Parliamentary Under Secretary of State at the Northern Ireland Office Ben Wallace said that criminal investigations and prosecutions were a matter for the police and prosecuting authorities who are "independent and act independently of Government".

He said: "As part of the ongoing investigation by the Police Service of Northern Ireland into the events surrounding Bloody Sunday in Londonderry in 1972, a former soldier was arrested for questioning on the November 10. He was subsequently released on bail."

He added: "The Government cannot therefore comment on an individual case. This Government is committed to the rule of law, where there is evidence of wrongdoing it is right that it should be investigated."

Gerald said that 43 years after the events and three years after the PSNI first started their further investigations, a soldier, soldier J from the Parachute Regiment who was in his early 20s, but is now in his late 60s "is faced with possible prosecution for murder with a prospect of further arrests to follow".

He said: "For two reasons I submit that this is wrong. First, what national interest is served in bringing these cases to court. The Saville inquiry found there was no premeditation to murder in the minds of those young soldiers."

He added: "I submit that it is immoral for the state to seek nearly half a century after the event to put these men on trial whilst others who deployed their bombs and bullets in the shadows are now in Government or have received royal pardons, an act of Government not of the courts. I urge my honourable friend to exercise the royal prerogative of mercy with immediate effect."

Mr Wallace said: "Whether the current investigations will lead to criminal prosecution is a matter for the police and prosecuting authorities in Northern Ireland.

"But we shouldn't forget that the British Army is not above the law and nor should it be."

He went on: "I can't comment on these individual cases - these are obviously a matter for an ongoing police inquiry. It is a long way from following a line of inquiry to conviction, charging in a court."

The police, he added, must be allowed to do their job and uphold the rule of law.

Gerald said when the Prime Minister made his memorable statement in the Commons following the publication of the Saville report in 2010: "I and others had hoped that line would be drawn under this tragedy."

Servicemen, he said, "had to make snap decisions, the consequences of which have hung over them for the whole of their adult lives".

Shadow Northern Ireland secretary Vernon Coaker said: "Does the minister agree with me that it is always difficult to criticise our armed forces if they fall below these high standards, but we cannot and must not fail to do so if evidence of wrongdoing should exist."
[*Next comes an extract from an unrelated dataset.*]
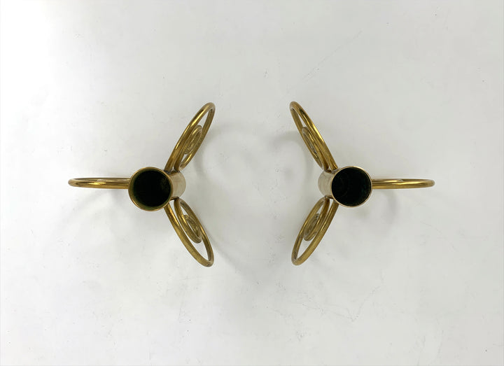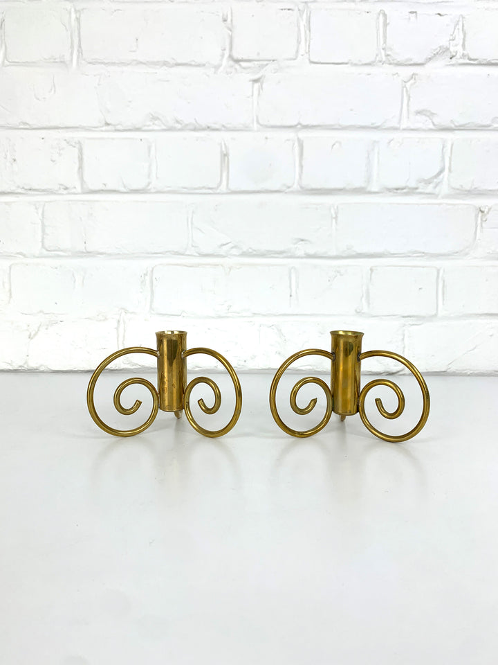 Elegant pair of Swedish Modern candlesticks in solid brass, dating from the 1950s. Each piece features a central tubular element designed to hold one candle. This central element is supported by three finely curved spiral-form feet, set perpendicularly to the tube, giving the design a balanced yet sculptural presence.

Former defence secretary Liam Fox said he agreed with the need to uphold the law and recognised why the minister could not comment on the specific case.

"But without pre-judging in any way any particular case, do you understand that we also have a need to uphold justice and that it would be offending the natural sense of justice of many in this country that the behaviour of how the army behaves on a certain day 40 years ago is being reopened while so many on the IRA-side who killed have been granted amnesty," he said.
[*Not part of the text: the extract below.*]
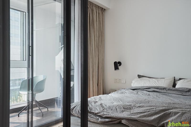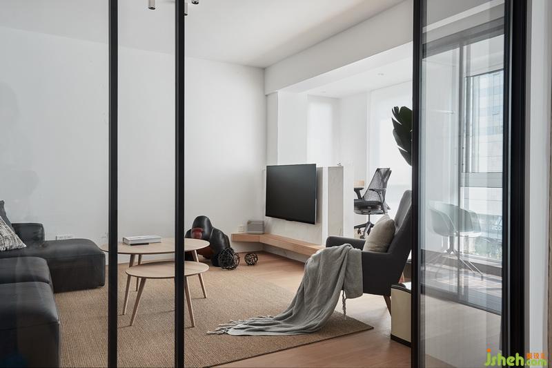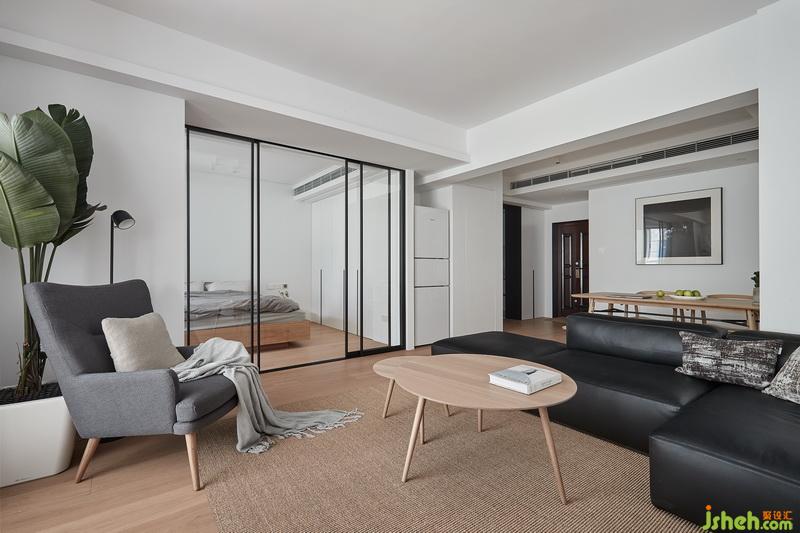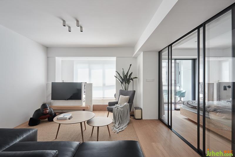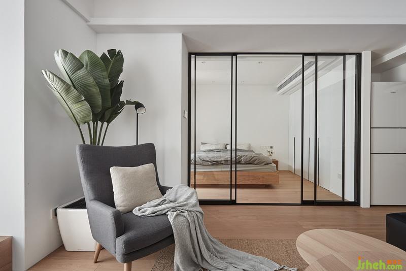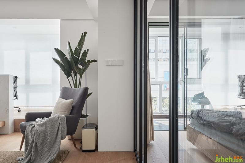 這是位于杭州城西的一所小戶型住宅。室內(nèi)設(shè)計(jì)師在與業(yè)主溝通后,了解到業(yè)主對于生活的理解正好與“Less is more”相一致,于是我們在滿足業(yè)主對于房屋的基本需求后,我們開始做減法,主臥與客餐廳區(qū)域室內(nèi)設(shè)計(jì)師利用玻璃移門形成通透的空間,相互貫穿,將空間模糊化,從而在視野上削弱了小戶型帶來的局促感。

"Do you agree with me that if we are to draw a line under past events for the sake of peace it should be drawn on both sides?"

Mr Wallace said that paramilitaries and terrorists who have not been convicted and were not part of the Good Friday Agreement "have not been granted any blanket amnesty".
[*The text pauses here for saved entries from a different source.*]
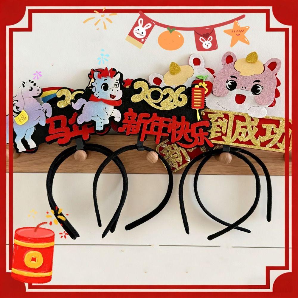 Mascot Horse 2026 Happy New Year Headband Cartoon New Year Headdress Horse Year Hairband Children
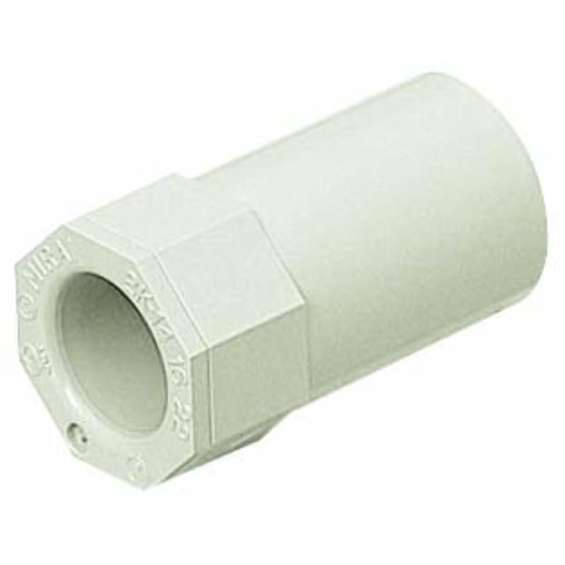 詳細: 衝撃に強い 特長 高耐候性 耐衝撃性 仕様 色:ミルキーホワイト 適合管:VE22 適合ノックアウト径:φ27mm・22(25)用 ネジの呼び:G3/4 耐衝撃性樹脂 ※防水パッキン(別途オプション)が取付可能です。
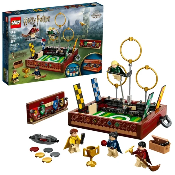 Малышу понравится собирать этот волшебный конструктор LEGO Harry Potter для квиддича Игрушечный сундучок (76416), который открывается, открывая игровое поле для квиддича, баннеры дома Хогвартс и все необходимое для игры в квиддич в одиночку или для 2 игроков.Отличный подарок для поклонников Гарри Поттера в возрасте от 9 лет. В набор входят минифигурки Гарри Поттера, Драко Малфоя, Седрика Диггори и Чо Чанга, а также 10 дополнительных голов (6 разных оттенков кожи) и 10 дополнительных причесок для создания уникальных игроков.. В коробке также содержится оборудование для проведения 3-х различных игр в квиддич: забросьте квоффл через кольца ворот, запустите бладжеры в отбивающего и поймайте Золотой снитч. Когда игра закончена и вручен кубок дома, все упаковывается в багажник, чтобы дети могли брать его с собой для игр в дороге.Количество деталей: 599 шт.Размер упаковки: 5,65 * 38,2 * 26,2 см.Вес: 0,74 кг.

Meanwhile, Danny Kinahan, Ulster Unionist MP for South Antrim, told the House he believes there is an "inequality" in who is being pursued by police over the events of the past.

He said: "There is a real anger there amongst veterans and will you take steps to ensure that the current inequality that allows for those in the armed services to be pursued with greater vigour and effort than the terrorists themselves ends and that we move towards some level playing field in the future."

But Mr Wallace rejected the idea of there being any "inequality".

"I don't believe that the police and the chief constable are pursuing people with more verve than another group of people," he said.

"I think they will go where the evidence takes them."

Richard Drax, Tory MP for South Dorset, said the perception among many people is that "our British soldiers are hounded while those who murdered and killed become politicians".

Ian Paisley, Democratic Unionist MP for North Antrim, offered a similar sentiment.

"The double standards in this affair are palpable for all to see," he said.